Reputation: 21
public async Task UploadParquetFromObjects<T>(string fileName, T objects)
{
var stringJson = JArray.FromObject(objects).ToString();
var parsedJson = ChoJSONReader.LoadText(stringJson);
var desBlob = blobClient.GetBlockBlobClient(fileName);
using (var outStream = await desBlob.OpenWriteAsync(true).ConfigureAwait(false))
using (ChoParquetWriter parser = new ChoParquetWriter(outStream))
{
parser.Write(parsedJson);
}
}
I'm using this code to send some data to a file on an Azure Blob Storage.
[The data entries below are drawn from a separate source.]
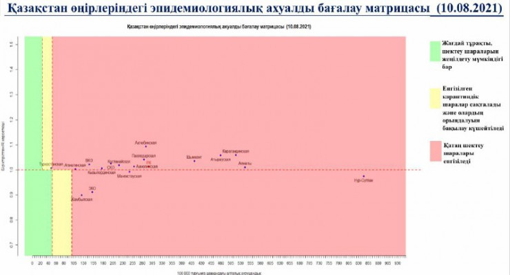 Опубликована матрица оценки эпидемиологической ситуации в регионах Казахстана на 10 августа 2021 года, передает Tengrinews.kz со ссылкой на МВК по нераспространению COVID-19.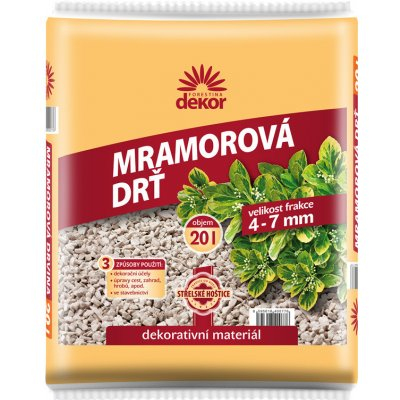 Marmorsplitt ist ein natürliches Material von weißer Farbe, das durch Zerkleinern von Marmor gewonnen wird.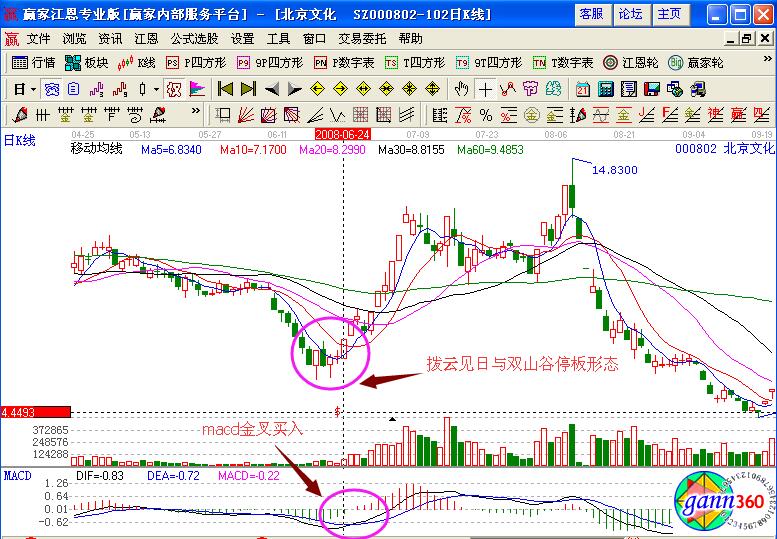 具體的實戰(zhàn)案例如圖北京文化(000802)在2008年6月底的股價走勢,在日K線中形成的是連續(xù)下跌的走勢,6月24日的時候形成了撥云見日與雙山谷停板的形態(tài),并且最后一個漲停板的形態(tài)包含了最大的陰線實體,并且上漲的幅度在5%以上,對應(yīng)的macd指標(biāo)形成的也是金叉買入的信號,大膽的投資者可以在該位置進(jìn)行短線介入。

At first, it worked fine, it created the file, put some information on it and it was readable, but with some investigation, it only write a fraction of the data I send. For example, I send a list of 15 items and it only writes 3. I tried different datasets, with different sizes and composed of different objects, the writer varies on the number of registers written, but it never gets to 100%.
Am I doing something wrong?
Upvotes: 1
Views: 320
Reputation: 6332
This issue is being tracked and addressed in GitHub issues section.
https://github.com/Cinchoo/ChoETL/issues/230
The issue was the input JSON has inconsistent members, hence missing datetime members are set as null by JSON reader. Parquet writer couldn't handle such null datetime values. Applied fix.
Sample fiddle: https://dotnetfiddle.net/PwxNWX
Packages used:
ChoETL.JSON.Core v1.2.1.49 (beta2)
ChoETL.Parquet v1.0.1.23 (beta6)
Upvotes: 0